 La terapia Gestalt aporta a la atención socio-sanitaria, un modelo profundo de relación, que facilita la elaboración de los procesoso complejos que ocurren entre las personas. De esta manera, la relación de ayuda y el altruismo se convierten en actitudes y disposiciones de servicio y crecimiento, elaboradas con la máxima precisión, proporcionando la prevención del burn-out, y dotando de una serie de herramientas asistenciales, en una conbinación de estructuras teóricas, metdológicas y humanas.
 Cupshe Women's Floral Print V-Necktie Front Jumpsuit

==

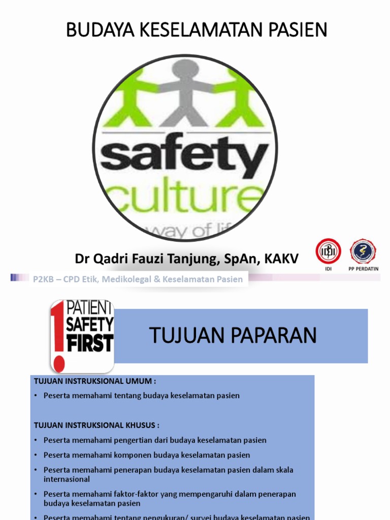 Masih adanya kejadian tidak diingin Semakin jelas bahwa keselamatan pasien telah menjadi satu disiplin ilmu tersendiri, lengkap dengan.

--

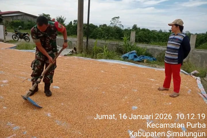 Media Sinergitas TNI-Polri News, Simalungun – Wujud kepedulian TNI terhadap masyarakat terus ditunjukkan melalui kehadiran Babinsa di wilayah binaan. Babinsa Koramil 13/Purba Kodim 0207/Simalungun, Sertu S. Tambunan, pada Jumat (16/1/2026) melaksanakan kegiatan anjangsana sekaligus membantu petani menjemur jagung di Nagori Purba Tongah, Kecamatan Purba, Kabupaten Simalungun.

What you need to do
Return exactly, and only, the lines above starting at the line that contains "La terapia Gestalt" and ending at the line that contains "Cupshe Women's Floral".

Task solution
 La terapia Gestalt aporta a la atención socio-sanitaria, un modelo profundo de relación, que facilita la elaboración de los procesoso complejos que ocurren entre las personas. De esta manera, la relación de ayuda y el altruismo se convierten en actitudes y disposiciones de servicio y crecimiento, elaboradas con la máxima precisión, proporcionando la prevención del burn-out, y dotando de una serie de herramientas asistenciales, en una conbinación de estructuras teóricas, metdológicas y humanas.
 Cupshe Women's Floral Print V-Necktie Front Jumpsuit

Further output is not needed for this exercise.